Now is the time to prepare for the impending water crisis in the golf industry – if it hasn’t already hit your golf course. If you haven’t thought about the water crisis at your golf course, you should.Now.

I don’t mean to sound like an alarmist. In fact, you may be wondering what I’m talking about if your golf course is in a region where there’s ample water to go around. But that will change.

The water crisis is already affecting the Southwest, especially California and Texas, where golf courses have already been cutting back. The experts say it’s only a matter of time before water availability is a problem almost everywhere.

The price of water will continue to escalate, putting even more pressure on your already-stretched maintenance budget. If your course is getting free water, your days are numbered. Do you have a plan for the day you start getting charged for that water?

Even though water is getting more expensive, this isn’t about money. As Jim Moore of the United States Golf Association (USGA) told me, this is a problem that can’t be solved by throwing money at it. If there’s no water to go around, even golf courses with deep pockets won’t be able to buy more.

The golf industry can survive with less water. The industry has already found ways to cope with the shortage. Yes, courses may have to become a little more brown – I know a lot of superintendents hate that word – but it’s something that will have to happen. Superintendents will have to find the fine line between dormant and dead turf, which they have the knowledge to discover.

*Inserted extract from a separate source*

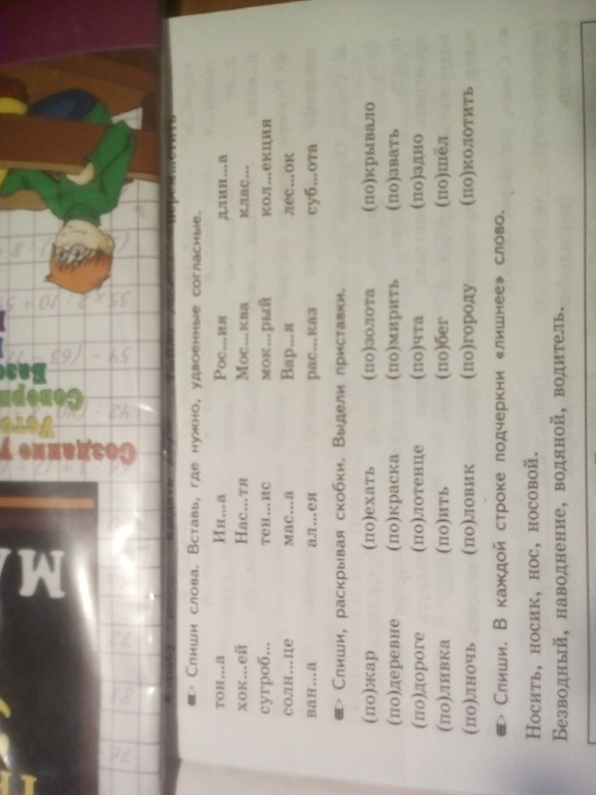 3. Носить (подчеркнуть), носик, нос, носовой.

Knowledge, in fact, is the industry’s best defense against the water crisis. Superintendents will have to learn more about their turf and its irrigation requirements as well as the golfers’ expectations for that turf. Of the latter, I’ve talked to superintendents over the years who have reduced water use on certain areas of the course and didn’t hear a peep about it.

The industry’s manufacturers of water-efficient equipment and products have already developed technology – from sprinkler heads to surfactants to soil sensors to soil amendments with improved water-holding capacity – to help superintendents save water. There’s no doubt that even better technology is coming.

This is a problem the industry needs to get in front of. The golf courses that are taking action now and reinventing their irrigation plans should be safe. The ones that aren’t will someday wish they had acted sooner.

We hope the information contained in our fourth-annual Golf & Water supplement helps you get in front of the problem.